At the Batcave Batman reveals his own treasured collection of Gray Ghost memorabilia, citing his fictional exploits as a strong influence in his own career. However, they discover Trent's fingerprints on a captured toy car, implicating Trent in the bombing, but a stunned Trent realizes in horror that the Mad Bomber is Dymer, who is carrying out the attacks to raise money as he is obsessed with toys. Batman and Trent capture Dymer, and indirectly destroy his toy store and weaponry, with Dymer weeping over the loss of his toys.
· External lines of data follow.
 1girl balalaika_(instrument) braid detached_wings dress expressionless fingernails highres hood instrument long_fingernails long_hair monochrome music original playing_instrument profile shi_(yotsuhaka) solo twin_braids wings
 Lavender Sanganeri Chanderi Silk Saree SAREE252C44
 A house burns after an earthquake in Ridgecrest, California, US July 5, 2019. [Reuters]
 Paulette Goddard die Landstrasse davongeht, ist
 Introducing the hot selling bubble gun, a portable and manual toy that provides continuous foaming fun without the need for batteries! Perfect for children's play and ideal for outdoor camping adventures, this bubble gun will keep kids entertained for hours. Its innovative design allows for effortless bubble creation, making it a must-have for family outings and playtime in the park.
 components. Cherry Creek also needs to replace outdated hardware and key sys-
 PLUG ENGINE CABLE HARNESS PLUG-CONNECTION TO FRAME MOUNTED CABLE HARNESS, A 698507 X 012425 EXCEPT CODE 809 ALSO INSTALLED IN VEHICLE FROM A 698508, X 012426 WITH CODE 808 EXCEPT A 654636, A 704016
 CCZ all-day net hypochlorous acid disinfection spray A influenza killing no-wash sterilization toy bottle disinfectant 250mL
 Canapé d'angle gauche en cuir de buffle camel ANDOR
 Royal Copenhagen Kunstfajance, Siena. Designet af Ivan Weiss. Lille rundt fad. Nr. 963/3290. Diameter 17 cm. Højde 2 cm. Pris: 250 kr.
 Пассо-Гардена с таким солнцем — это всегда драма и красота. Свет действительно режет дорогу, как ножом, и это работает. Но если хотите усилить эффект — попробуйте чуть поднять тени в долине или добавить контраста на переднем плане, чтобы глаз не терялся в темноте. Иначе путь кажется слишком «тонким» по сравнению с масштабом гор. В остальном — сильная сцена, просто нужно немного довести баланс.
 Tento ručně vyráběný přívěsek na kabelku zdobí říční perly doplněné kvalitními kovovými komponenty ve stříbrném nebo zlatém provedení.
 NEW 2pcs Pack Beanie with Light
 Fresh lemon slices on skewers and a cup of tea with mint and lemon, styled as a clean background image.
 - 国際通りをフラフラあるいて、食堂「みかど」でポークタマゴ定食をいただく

Trent is recognized as a real-life hero, prompting a resurgence in the Gray Ghost's popularity. His complete archive of the Gray Ghost series is re-released, providing him with fresh income from distribution, a massive increase in the value of his merchandise, and a revitalized career. Bruce visits him at the product launch for an autograph, repeating what he said earlier: the Gray Ghost was, and still is, his childhood hero. Realizing that Bruce is Batman, Trent smiles. The scene then pans upward to show a poster cover of People Magazine with the Gray Ghost's return on the cover with a silhouette of a bat behind him.

==Voice cast==
- Kevin Conroy as Bruce Wayne / Batman and Thomas Wayne (credited)
- Bob Hastings as Commissioner Gordon
- Efrem Zimbalist Jr. as Alfred Pennyworth, Piedmont Police Chief (uncredited) and Frankie (uncredited)
- Mari Devon as Summer Gleeson
- Joe Leahy as Narrator
- Bruce W. Timm as Ted Dymer / "Mad Bomber"
- Adam West as Simon Trent / Gray Ghost

==Reception==
"Beware the Gray Ghost" has been very positively received by critics. The A.V. Club gave the episode an A and called it "smartly written and gorgeously animated".

==In other media==
===Film===
- In the 2018 film Teen Titans Go! To the Movies, a theater sign appears, showcasing a double feature of The Gray Ghost and Zorro.
- A film called Beware the Gray Ghost appears in Lego DC Batman: Family Matters.

===Comics===
- The Gray Ghost appears in issue #3 of the Batman: The Animated Series tie-in comic Batman: The Gotham Adventures.
- The Grey Ghost appears in Batgirl (vol. 3), released in 2011 prior to the New 52. This version is Clancy Johnson, an aspiring sidekick of Batgirl until he is killed by the mercenary group Order of the Scythe.
- Simon Trent appears in Gotham Academy. This version is a director and playwright who becomes a teacher at Gotham Academy.
- In the Robin King's origin shown in Dark Nights: Death Metal: Legends of the Dark Knights, the movie the Wayne family saw at Monarch Theater instead of The Mark of Zorro was Beware the Gray Ghost.

===Television===
- In Batman Beyond, one of the original costumes for the Gray Ghost is on display in the Batcave. In the episode "Black Out", Bruce dons the Gray Ghost's hat and goggles to hide his identity from Inque.
- In the Justice League Unlimited episode "Epilogue", Terry McGinnis and his family are shown leaving a theatre playing The Grey Ghost Strikes. Andrea Beaumont was hired to kill Terry's parents there, recreating the origin of Batman, but refused to go through with it.
- In the Batman: Caped Crusader episode "Zero Hour", Carrie Kelley becomes a vigilante named initially Gray Ghost, before settling with the name of Crime Smasher, donning a costume based on that of Gray Ghost's.

===Video games===
- The Gray Ghost appears in Lego Batman 3: Beyond Gotham, voiced again by Adam West.
- A movie poster titled The Ghost in Gray starring Simon Trent with a depiction of The Gray Ghost appears in Batman: Arkham Knight, including Oracle's clock tower and Batman's secret base at Panessa Studios.
- A movie poster for The Gray Ghost appears in Kirk Langstrom's laboratory in Gotham Knights.
- The Gray Ghost appears in Batman: Arkham Shadow, voiced by Roger Craig Smith.
- The Gray Ghost makes a non-speaking cameo appearance in Lego Batman: Legacy of the Dark Knight. His costume is also available for Batman.

===Audio dramas===
- The Gray Ghost, as a radio show, is referenced multiple times in Batman Unburied.